[[ Input data open ]]
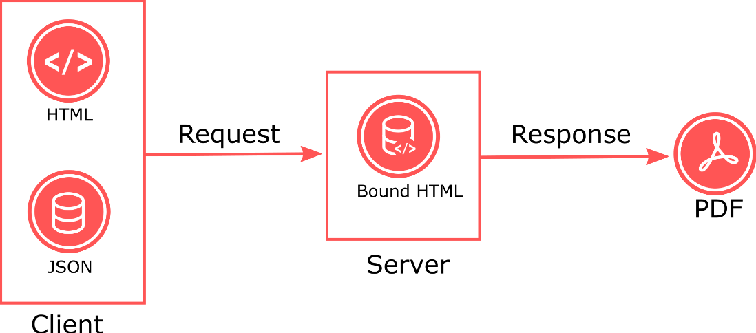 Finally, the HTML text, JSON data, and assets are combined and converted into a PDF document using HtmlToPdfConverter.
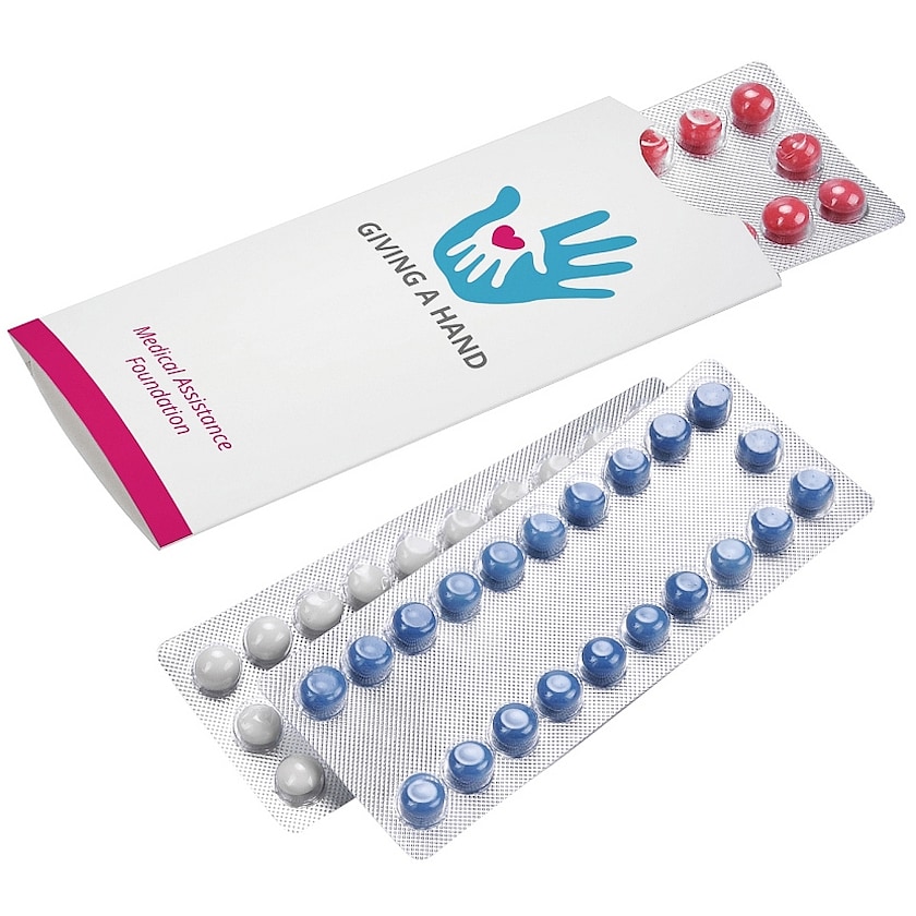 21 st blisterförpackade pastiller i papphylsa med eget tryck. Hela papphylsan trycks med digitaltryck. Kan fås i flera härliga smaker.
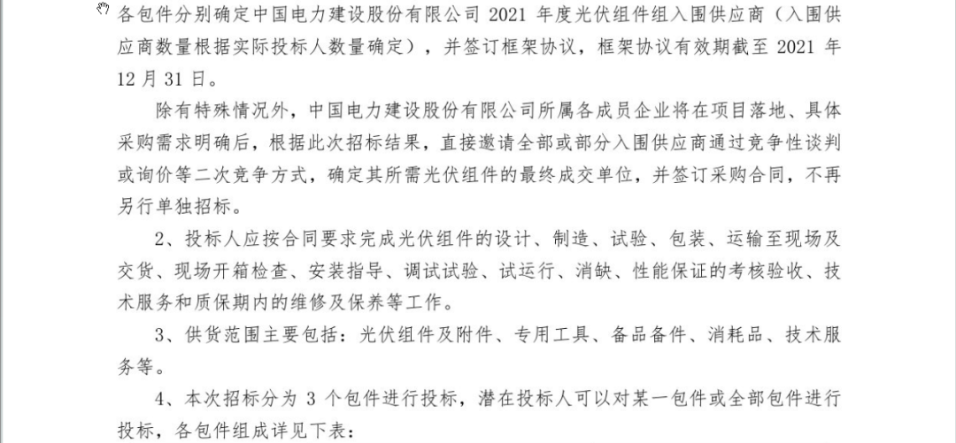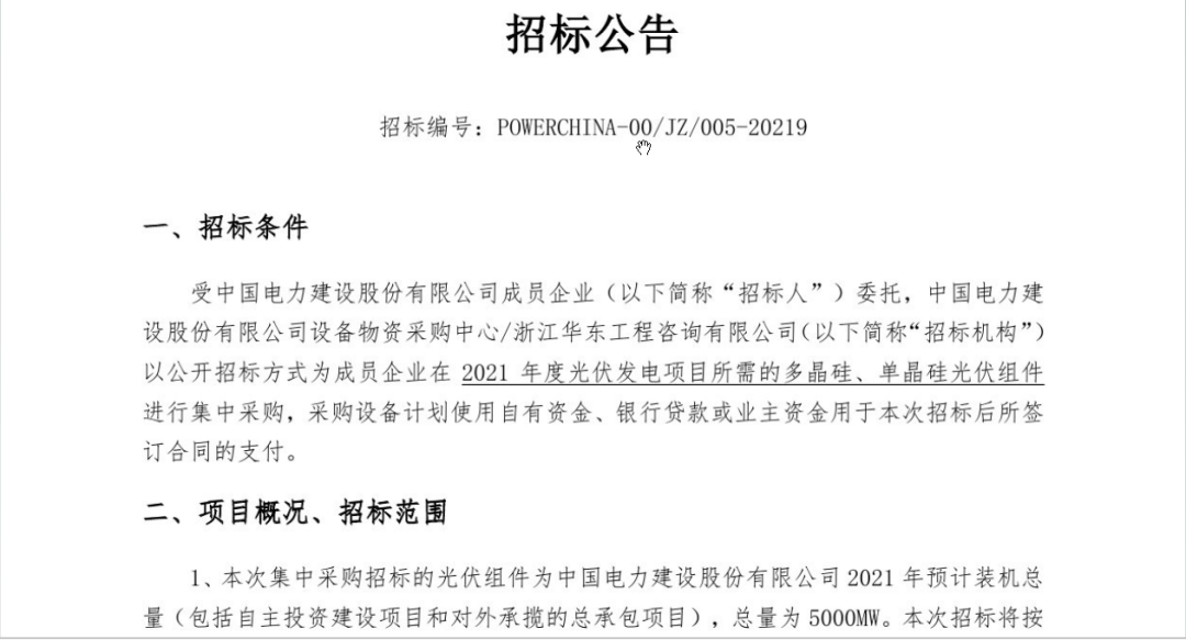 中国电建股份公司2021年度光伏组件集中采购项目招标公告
[[ Input data closed ]]
Requirement: Give back the material above exactly as it appears, minus the pictures.

Exercise result:
 Finally, the HTML text, JSON data, and assets are combined and converted into a PDF document using HtmlToPdfConverter.
 21 st blisterförpackade pastiller i papphylsa med eget tryck. Hela papphylsan trycks med digitaltryck. Kan fås i flera härliga smaker.
 中国电建股份公司2021年度光伏组件集中采购项目招标公告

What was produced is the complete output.